Work request
Only one stretch of the records below should be repeated. It starts with the line containing "Plus de 140" and goes on through the line containing "06 46 11 78", exactly as written.

Records for this exercise
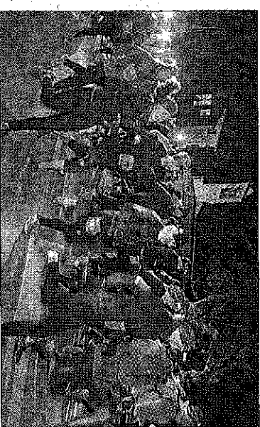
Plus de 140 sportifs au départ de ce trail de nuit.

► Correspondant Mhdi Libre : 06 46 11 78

* * *

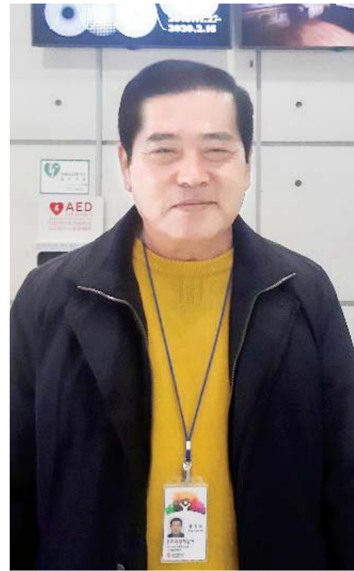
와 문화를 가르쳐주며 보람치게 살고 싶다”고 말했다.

The completed task
Plus de 140 sportifs au départ de ce trail de nuit.

► Correspondant Mhdi Libre : 06 46 11 78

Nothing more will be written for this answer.